Other differentials considered for nonpruritic crusting lesions in small ruminants include hyperkeratosis secondary to trauma, dermatophilosis, staphylococcal dermatitis, zinc deficiency, pemphigus foliaceus, and ringworm (Trichophyton verrucosum and Epidermophyton floccosum) [15, 23]. Close evaluation of the biopsied material allowed rejection of these inflammatory conditions. Squamous cell carcinoma was considered based on gross appearance but was not supported by the histological findings. Hemangioma was considered because of the benign appearance of the endothelial cells, and hemangiosarcoma was considered because of the infiltrative nature of the lesion. Ultimately, infiltrative hemangiolipoma was considered the most appropriate diagnosis because of the relative monotony of the neoplastic population, lack of atypical features, low mitotic rate, invasion of deep muscle, and close association of neoplastic vessels with mature lobules of adipose tissue.

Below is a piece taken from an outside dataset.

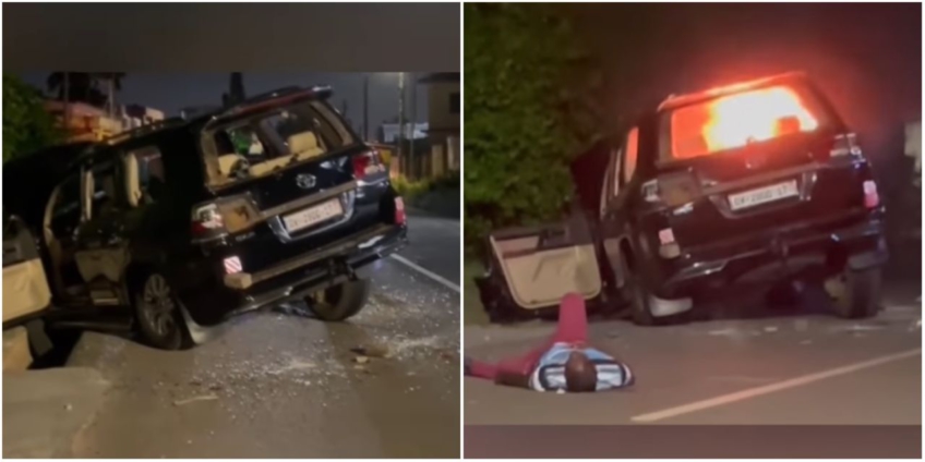 The vehicle was burning and one person could be heard saying, “the person is not dead and I need an ambulance.”

Human and canine angiolipomas are considered benign neoplasms and surgical excision is curative . Minimal data is available for this tumor type in other species, but benignancy is likely a consistent feature. The biologic behavior of this lesion in a goat is uncertain, but the degree of invasiveness suggests that clinical followup is warranted and that local recurrence may occur, particularly given incomplete excision.
The patient was allowed to return to normal activity following suture removal. Recurrence of the cutaneous lesion at the surgery site was not identified at a 10-month followup. Surgical excision appears to be a viable treatment method for cutaneous hemangiolipomas in goats; however long-term patient monitoring is recommended due to the lack of clinically described cases. Importantly, the initial incisional biopsy was reported as consistent with hemangiosarcoma, a significantly more serious disease with a median survival time of 170–300 days . Because of the potential risk of misdiagnosing vascular cutaneous tumors in goats, en bloc tumor excision followed by thorough histological examination is recommended for large caprine cutaneous lesions.